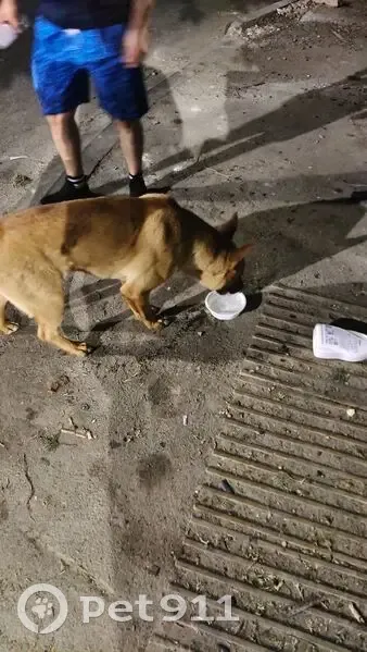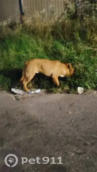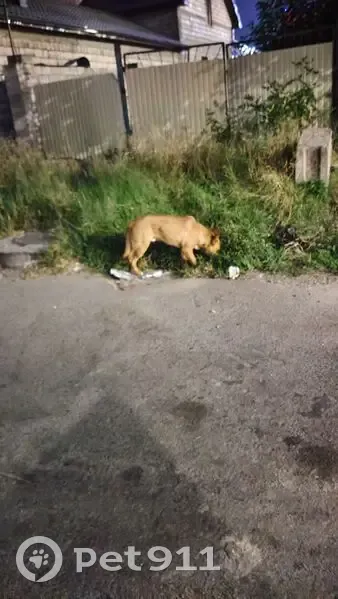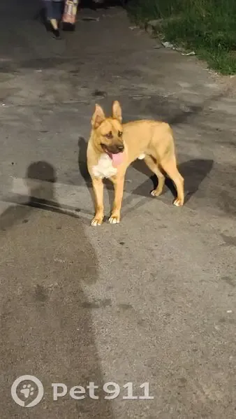 Собака золотистого окраса, чуть выше среднего роста, нос темный. Бегает по еврейской колонке, без ошейника. Вид ухоженный, видно, что собака потерялась.
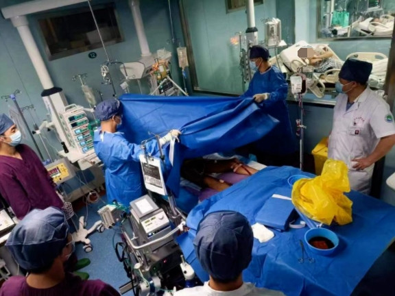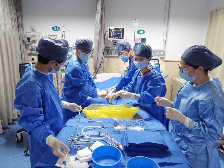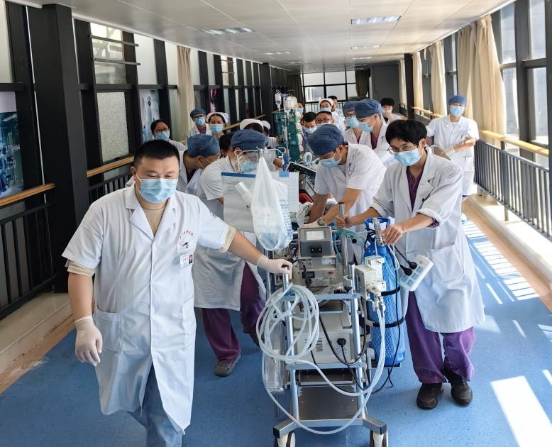 入院幾個小時內(nèi),翁某病情迅速進(jìn)展,心臟收縮極其微弱,循環(huán)塌陷,只能依靠大劑量升壓藥物維持血壓,超聲提示心臟射血分?jǐn)?shù)僅為正常的15%,隨時可能心臟、呼吸驟停。重癥醫(yī)學(xué)科緊急會診后,立即進(jìn)行了氣管插管、機(jī)械通氣,床旁實時超聲提示,患者心臟衰竭仍在進(jìn)一步加重,血壓難以測出,生命垂危。李紅艷主任帶領(lǐng)團(tuán)隊進(jìn)行全面評估,判斷需要立即行ECMO(體外膜肺氧合)治療。在征得家屬同意后,搶救工作有序開展,團(tuán)隊成員以最快速度攜帶ECMO設(shè)備及所需用物趕往心血管科,在床旁進(jìn)行置管、VA-ECMO上機(jī)。暗紅色的血液在ECMO轉(zhuǎn)動下,轉(zhuǎn)為鮮紅,患者生命征逐漸平穩(wěn),隨后被安全轉(zhuǎn)運至ICU繼續(xù)治療。這也是我院第一例在普通病房緊急床旁置管、上機(jī)再執(zhí)行轉(zhuǎn)運的案例。
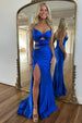 Make a stunning entrance in this Stylish Royal Blue Satin Mermaid Prom Dress, featuring delicate spaghetti straps, a chic waist hollow cut‑out, and a curve‑hugging mermaid silhouette with a high slit—its lustrous fabric and regal hue ensure you’ll dazzle all night long.
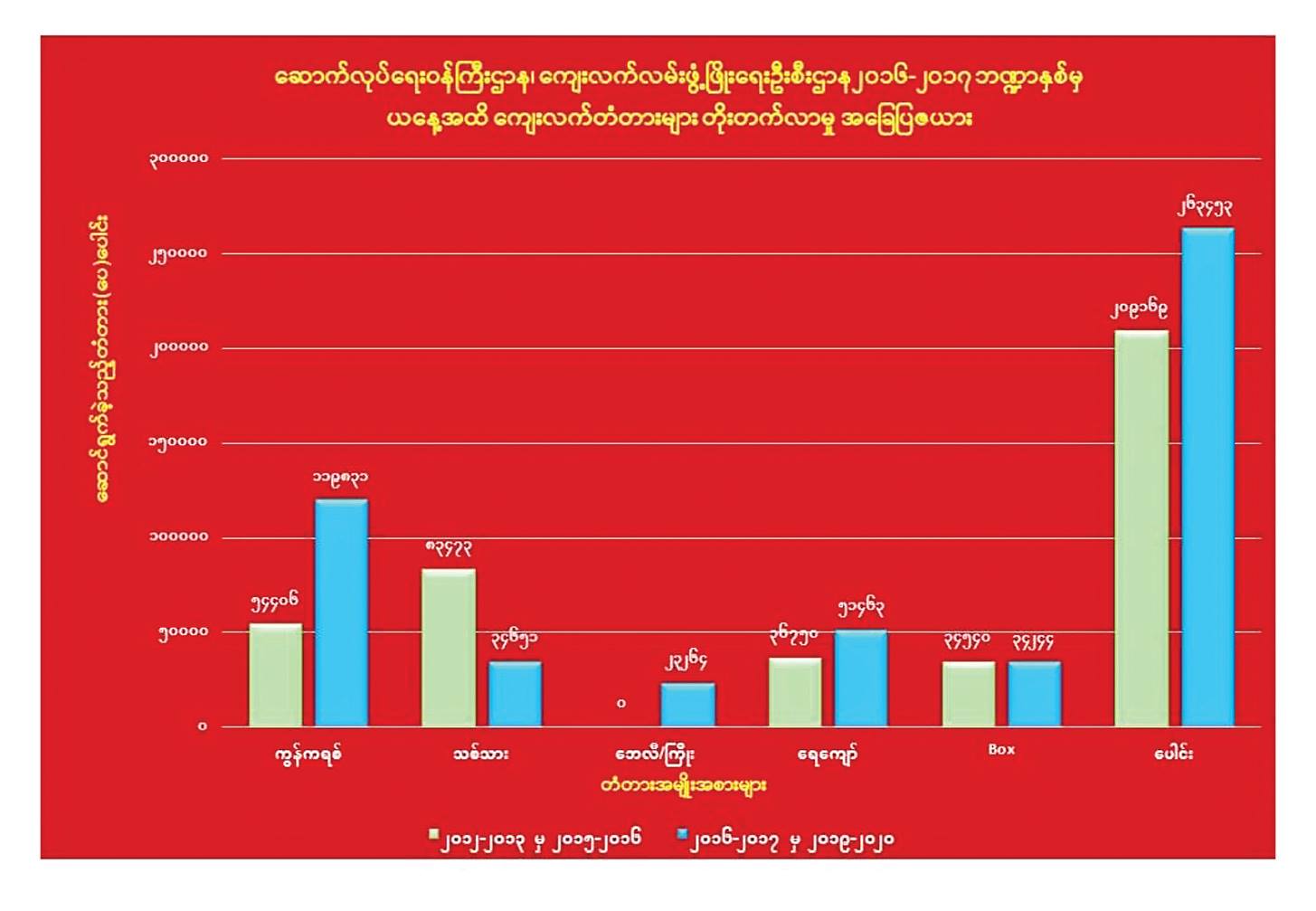 ရှမ်းပြည်နယ်(တောင်ပိုင်း)တွင် လမ်း အရှည် ၂၂၉ မိုင် ၄ ဖာလုံရှိရာတွင် BOT စနစ်ဖြင့် တောင်ပေါ်ဒေသ လမ်းဆောက်လုပ် ရေးကုမ္ပဏီက ၆၂ မိုင် ၄ ဖာလုံ၊ နေမင်းရောင် ဆောက်လုပ်ရေးကုမ္ပဏီက ၇၃ မိုင်နှင့် ရှမ်းပြည်နယ်(တောင်ပိုင်း) လမ်းဦးစီးဌာနက လမ်းအရှည် ၉၄ မိုင်တို့ကို လမ်းတိုးတက် ပြုပြင်ခြင်းလုပ်ငန်းများ တာဝန်ယူဆောင်ရွက် လျက်ရှိသည်။ တောင်ပေါ်ဒေသ လမ်း ဆောက်လုပ်ရေးကုမ္ပဏီက BOT စနစ်ဖြင့် ကလောမြို့မှ တောင်ကြီးမြို့အထိ လမ်း အရှည် ၄၅ မိုင်ကို လေးလမ်းသွား နိုင်လွန် ကတ္တရာလမ်းအဖြစ် အဆင့်တိုးမြှင့် ဆောင်ရွက်နိုင်ခဲ့သည်။ ရှမ်းပြည်နယ် (တောင်ပိုင်း)နှင့် ရှမ်းပြည်နယ်(အရှေ့ပိုင်း)နယ်စပ် သံလွင်မြစ်ကူးတံတားဘေးတွင် ဆောက်လုပ်ရေးဝန်ကြီးဌာနက တာကော် တံတားအသစ်(၁၁၅၁ ပေအရှည်) တစ်စင်း တည်ဆောက်လျက်ရှိကြောင်း သိရှိ ရသည်။
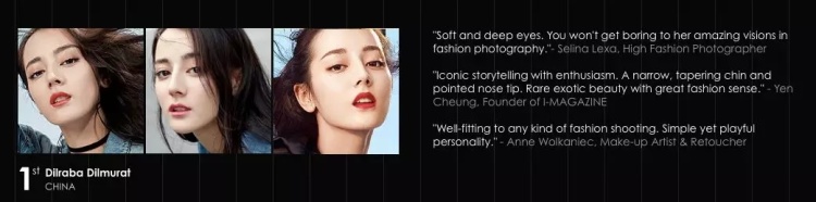 整个评选花了三个月,40个国家的380位专业摄影师、设计师、造型师、化妆师、时尚编辑以及I-Magazine团队成员从35000张照片和视频里选出,听着也是有点厉害啊!
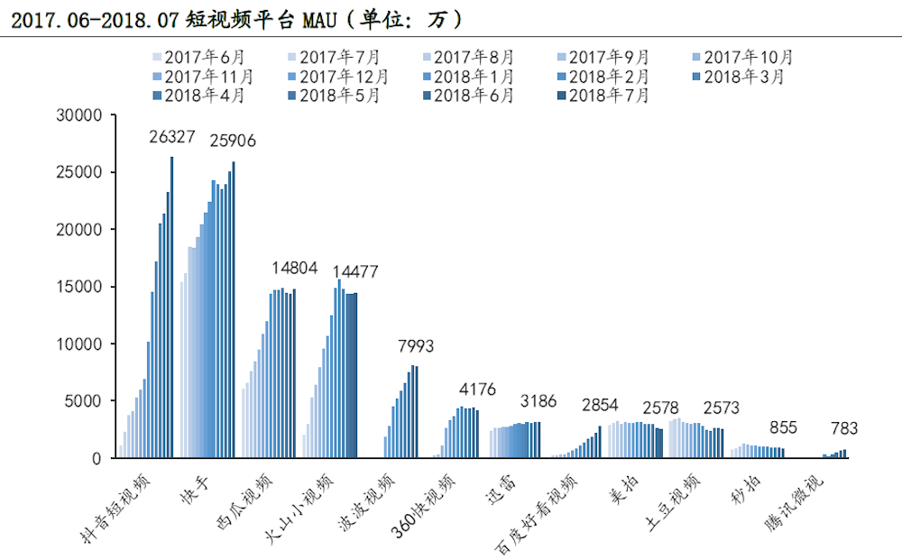 2018 年 6 月,快手月活用户达到 2.66 亿,居短视频首位;7 月,抖音宣布全球月活跃用户数超过 5 亿。此消彼长,秒拍从 2017 年下半年开始在短视频战争中失势,根据艾瑞咨询的数据,目前的秒拍和第一梯队的短视频平台已经不在一个数量级。
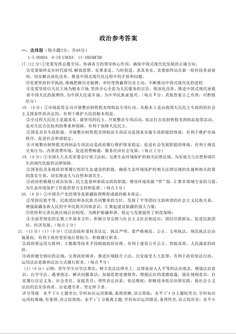 高一政治答案--湖南省邵阳市新邵县2024-2025学年高一下学期期末质量检测
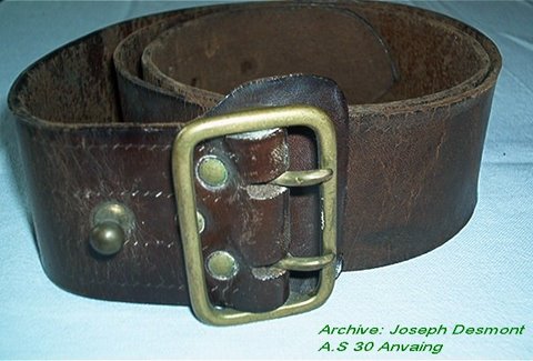 Salopettes, bérets, ceinturons, cartouchières, brassards, et écussons avec la tête de lion
################
= WHAT IS BEING ASKED =
Give back the exact lines above, running from the one that has "入院幾個小時內(nèi),翁" through the one that has "ရှမ်းပြည်နယ်(တောင်ပိုင်း)တွင် လမ်း အရှည်", with nothing added and no pictures.

= SOLUTION =
 入院幾個小時內(nèi),翁某病情迅速進(jìn)展,心臟收縮極其微弱,循環(huán)塌陷,只能依靠大劑量升壓藥物維持血壓,超聲提示心臟射血分?jǐn)?shù)僅為正常的15%,隨時可能心臟、呼吸驟停。重癥醫(yī)學(xué)科緊急會診后,立即進(jìn)行了氣管插管、機(jī)械通氣,床旁實時超聲提示,患者心臟衰竭仍在進(jìn)一步加重,血壓難以測出,生命垂危。李紅艷主任帶領(lǐng)團(tuán)隊進(jìn)行全面評估,判斷需要立即行ECMO(體外膜肺氧合)治療。在征得家屬同意后,搶救工作有序開展,團(tuán)隊成員以最快速度攜帶ECMO設(shè)備及所需用物趕往心血管科,在床旁進(jìn)行置管、VA-ECMO上機(jī)。暗紅色的血液在ECMO轉(zhuǎn)動下,轉(zhuǎn)為鮮紅,患者生命征逐漸平穩(wěn),隨后被安全轉(zhuǎn)運至ICU繼續(xù)治療。這也是我院第一例在普通病房緊急床旁置管、上機(jī)再執(zhí)行轉(zhuǎn)運的案例。
 Make a stunning entrance in this Stylish Royal Blue Satin Mermaid Prom Dress, featuring delicate spaghetti straps, a chic waist hollow cut‑out, and a curve‑hugging mermaid silhouette with a high slit—its lustrous fabric and regal hue ensure you’ll dazzle all night long.
 ရှမ်းပြည်နယ်(တောင်ပိုင်း)တွင် လမ်း အရှည် ၂၂၉ မိုင် ၄ ဖာလုံရှိရာတွင် BOT စနစ်ဖြင့် တောင်ပေါ်ဒေသ လမ်းဆောက်လုပ် ရေးကုမ္ပဏီက ၆၂ မိုင် ၄ ဖာလုံ၊ နေမင်းရောင် ဆောက်လုပ်ရေးကုမ္ပဏီက ၇၃ မိုင်နှင့် ရှမ်းပြည်နယ်(တောင်ပိုင်း) လမ်းဦးစီးဌာနက လမ်းအရှည် ၉၄ မိုင်တို့ကို လမ်းတိုးတက် ပြုပြင်ခြင်းလုပ်ငန်းများ တာဝန်ယူဆောင်ရွက် လျက်ရှိသည်။ တောင်ပေါ်ဒေသ လမ်း ဆောက်လုပ်ရေးကုမ္ပဏီက BOT စနစ်ဖြင့် ကလောမြို့မှ တောင်ကြီးမြို့အထိ လမ်း အရှည် ၄၅ မိုင်ကို လေးလမ်းသွား နိုင်လွန် ကတ္တရာလမ်းအဖြစ် အဆင့်တိုးမြှင့် ဆောင်ရွက်နိုင်ခဲ့သည်။ ရှမ်းပြည်နယ် (တောင်ပိုင်း)နှင့် ရှမ်းပြည်နယ်(အရှေ့ပိုင်း)နယ်စပ် သံလွင်မြစ်ကူးတံတားဘေးတွင် ဆောက်လုပ်ရေးဝန်ကြီးဌာနက တာကော် တံတားအသစ်(၁၁၅၁ ပေအရှည်) တစ်စင်း တည်ဆောက်လျက်ရှိကြောင်း သိရှိ ရသည်။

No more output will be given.